Friday 10 May 2013

Piano

We retired our old piano this week.



This was a rather melancholy moment for me.

The piano was old – manufactured around 1905, according to the man who did some work on it a couple of years ago – and I love old things.




And this particular old piano held a lot of memories for me. It belonged to my parents before it belonged to me.

When I was very young, after all the kids were in bed, my mom would sit down at the piano and play. I loved falling asleep to the sound of her music.

My mom gave me my first piano lessons on it when I was 8 years old.




I taught my first piano lessons to my younger brother on that piano. That was his one and only year of piano lessons, but I have taken credit for all his subsequent musical prowess on account of that one year.

I practiced many years worth of piano on that piano. I remember thinking one time in high school that it was during some of these practices that I was following Jesus' imperative to “not let your left hand know what your right hand is doing .” (Mt 6:3)

These last two memories may have happened in the same year.

I taught my own children their first piano lessons on this piano, some more willingly than others.




But the piano was old and had suffered many difficulties in its' latter years. A period of cold and disuse. A period (in between my parent's ownership and ours) of misuse where it lost a number of its ivories. A couple years of high humidity, a couple years of brittle dryness. These are hard on a piano, particularly this old piano. Its sound board had two major cracks and it wouldn't hold its tune any more, making any piano practicing painful to listen to – even when all the right notes were played.




So we hauled it out to make room for a different one. One that has all its ivories and an uncracked sound board.

But first we had to get it out of our neighbors' basement.

They said it hadn't be hard to get it down.

Only this time we were going in a different direction. Up is a little more challenging. And these seemed like particularly steep stairs. Stairs are always particularly steep when a piano is involved.

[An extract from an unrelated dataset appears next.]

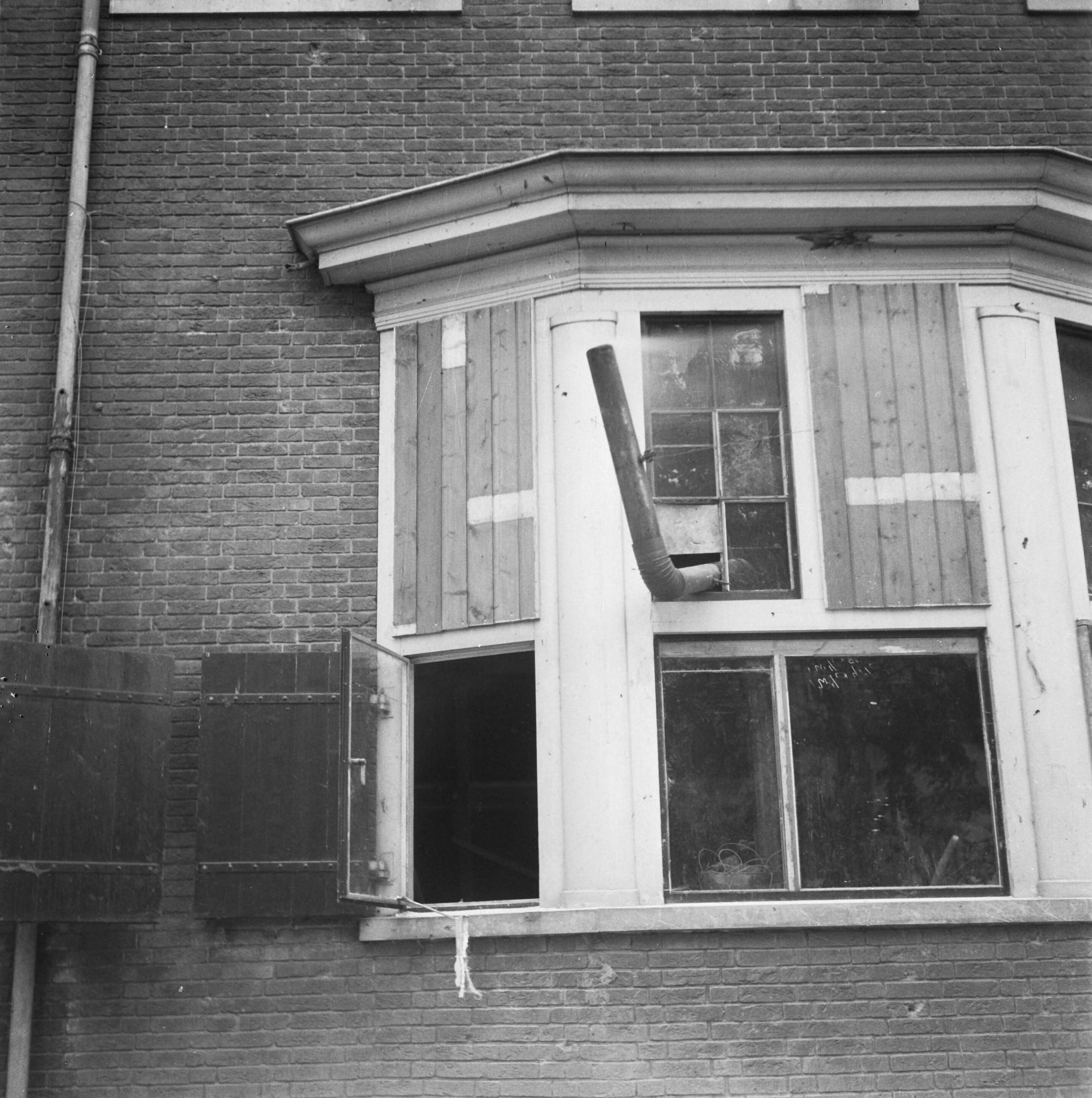 Dichtgespijkerde ramen met tijdelijke schoorsteen

We enlisted the help of the musical brother (in payment for all those amazing lessons 20 years ago!) and the help of the neighbour whose wife had sold us the piano. And of course, my husband who knows how to do things.  Like hauling a piano out of a basement.

I, on the other hand, only know how to worry about how to do things. How were we going to get this thing out of the basement and up the stairs without someone ending up squashed beneath a piano? Were these ropes going to hold? Was the piano going to tip and put a hole in our neighbours' wall? Was anyone going to end up with a hernia or excruciating back pain? Oh dear, oh dear!

Long story short, the piano is currently in my living room, ready to be played. No one died or was injured. We left the house in good repair.

My husband was exhausted. He said his back was fine; it just took a lot of energy to be the “Yes, we can” guy. Probably especially when your wife is flitting about worrying and expecting anyone to die at any moment.

You'd think that I would know a thing or two about how helpful worry is by now. My brother, in relating another piano-moving story, likened the worrying owner to an irritating fly that you can't swat away because your hands are full. What would I have done if the piano had ended up on top of someone? Said “I told you so?” “I knew this would happen?” Something equally helpful?  Is hand-wringing and "voicing my concerns" really the best way to show that I care?

I don't generally think of myself as a worrier – so long as everything goes according to my plan. The obvious solution to my worrying, then, is that everybody and everything just cooperate and participate in my good plan. It's only when I come up against some resistance to this solution, or when I don't have a plan for the situation in front of me, that I begin to worry. Which is as helpful to the situation as an irritating fly.

In Luke12:25, Jesus asks his disciples: “Who of you by worrying can add a single hour to your life? [or, I might add, to the life of anyone else, including a piano mover?] Since you cannot do this very little thing, why do you worry about the rest?”   

I am guaranteed obstacles in life, things or people or events I can't control. A quote I read this morning may have some insight for this predicament. Theologian Richard Rohr says, “Faith is not for overcoming obstacles; it is for experiencing them.”